The Institute’s even-handed approach comes to the fore in that last article, with Spears suggesting that “no single policy change would address every troubling aspect of medical debt in Tennessee and its downstream effects.”
The paper proposes upstream, midstream, and downstream policy changes to lessen the burden of medical debt. Upstream levers to prevent medical debt include ending surprise billing, extending health insurance coverage, and reducing out-of-pocket health insurance costs.
Midstream levers to manage debt include reforming provider billing and collection practices, facilitating and incentivizing personal savings, increasing access to affordable, small-dollar loans, and improving access to financial education.
Downstream levers to mitigate debt include reforming debt collection practices and lawsuits, providing greater oversight of debt settlement services, limiting how medical debt affects a person’s credit history, and even paying off debts directly.
Recent federal legislation has lessened some of the effects of surprise billing in Tennessee.
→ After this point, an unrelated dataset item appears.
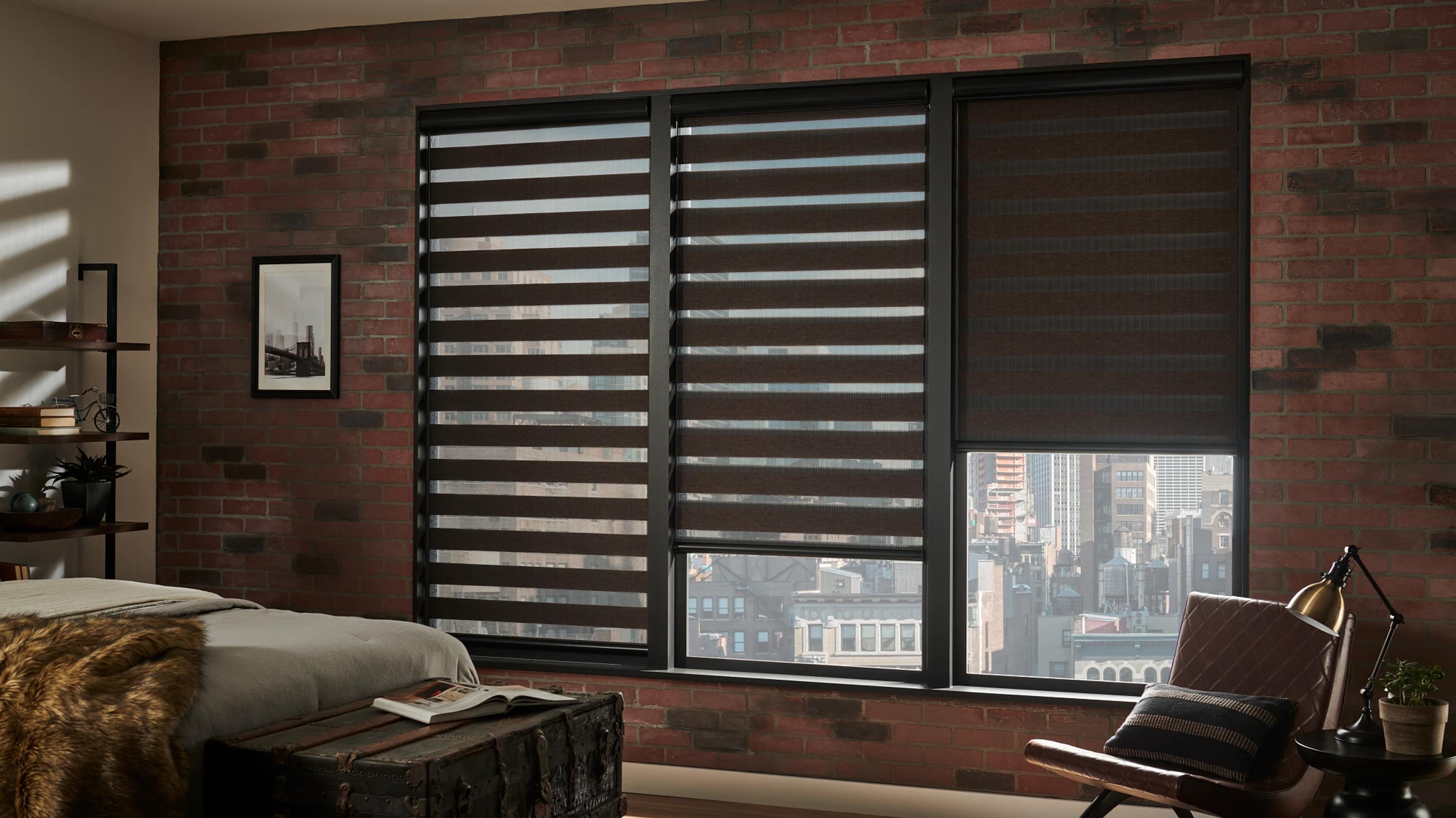For a room that already receives high levels of daylight, these black window treatments add a seamless touch of elegance. Sheer, light-filtering shadings or banded shades are also a great option that fits any room’s light qualities.

The Institute has documented little policy change at the state level since it published “How Medical Debt Affects Health” in 2021.
But Spears notes that health and hospital systems are beginning to change their approaches to the issue. For example, a county court recently implemented an online pilot program to resolve unpaid bills before they land in the courtroom by working out payment plans and determining whether people are eligible for charity care.
“If it goes well, other court systems and hospital systems across the state may try to do something similar,” Spears said.